My husband has a friend who is almost like a brother. This guy has had some serious blows over the years, and we’ve tried to be family to him (thankfully, that’s not a chore since this guy is smart, hilarious, and so fun to be with). During one particularly troubled time in his life, though, he asked me and my husband to step back. Well, it was worse than that—he basically told us to butt out and end our friendship.
I was shocked. Heart-broken. And furious.
Amid asking my husband repeatedly, “What did you do to him? What did you say to him? What the heck happened between you two?” I had plans to call this dude up, bless him out, and then make him a big dinner and demand to know what in the world was going on. My husband kindly but firmly told me, “You’re going to respect his wishes.” And my instinctual response to that was, “Who says you can tell me what to do?”

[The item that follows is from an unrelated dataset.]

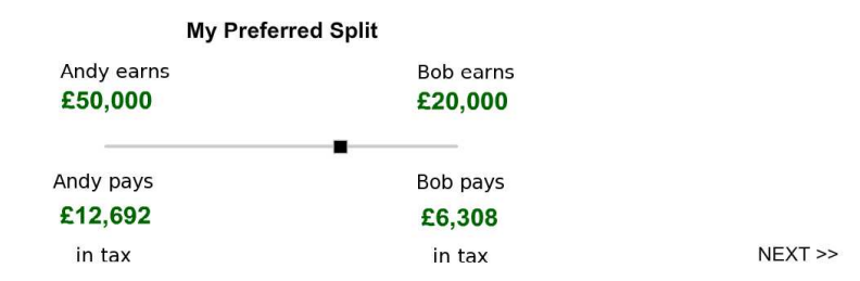
Figure 1: Screenshot from the Experiment. In this case the taxation situation was described in terms of tax paid, not residual income, and amount, not percentage.

Please click on the grey line below and move the slider to indicate what you think is the best split. The slider is calibrated so that the total amount of tax collected from the two of them verall is always the same.

You know, the whole Biblical concept of submission has never really been a big deal around here. During pre-marital counseling, my pastor asked me how I felt about submission. “You went to a fairly liberal female college, and there’s a firm foundation of feminism there. I’m just curious about how you feel about submission?” I smiled my glowy bride-to-be smile and replied, “I don’t have to worry about that. When you’re marrying someone who’s brilliant and kind and selfless, you never have to worry about how he will lead a family.”
I still mean all of those things, but the real reason that I don't think about this concept often is that, frankly, we’re on the same page 99 percent of the time. But that summer we lived the 1 percent. He was not handling this my way. He was not handling this the RIGHT way. He was wrong. I told him so. And I seriously considered ignoring his direct order—yes, it was an order—and doing what I wanted to do anyway. I couldn’t do that though . . . it’s so rare for him to give me a direct order like that, and when he does, he means business.
I poured out my dilemma to my Proverbs 31 lady. In the moment, she didn’t say much. But the next day, we were chatting about how she and her daughter had originally planned to travel that day, and their husbands got on the phone and re-routed their travel plans. In their excitement to be together, they didn’t consider that it was the day of a major football game (traffic and delays). She said to me, “Isn’t it kind of the Lord to give us husbands who protect us and lead us?” Is she saying that women are dumb? Absolutely not. We’re loving, though, and sometimes our hearts get so pumped up that they knock our heads out of the driver’s seat and take the wheel.
I cringe when I hear the advice, “Follow your heart!” I don’t know about y’all, but my heart has made some really stupid decisions—and not all of them took place inside a mall either.
Okay, so I pouted. I fussed. I rephrased the question a dozen times and asked my husband if we could contact his friend. The answer was always no. I finally shut my mouth and opened my heart and started to pray. I prayed for our friend and I prayed for my husband. About six months later, our friend initiated contact with my husband, and their friendship has been restored.
I’ve heard submission defined as “strength under control.” In this situation, I can wholeheartedly agree with that definition. I know I’m a handful. I know I talk more than I listen, and I know that I have the instinct to “follow my heart” (even when it’s a big ol’ liar). Thankfully, even after nearly sixteen years of marriage, I still believe what I told my pastor that day. God chose this man for me and, as always, He chose well. Someone has to lead the family; God says that someone will be my husband.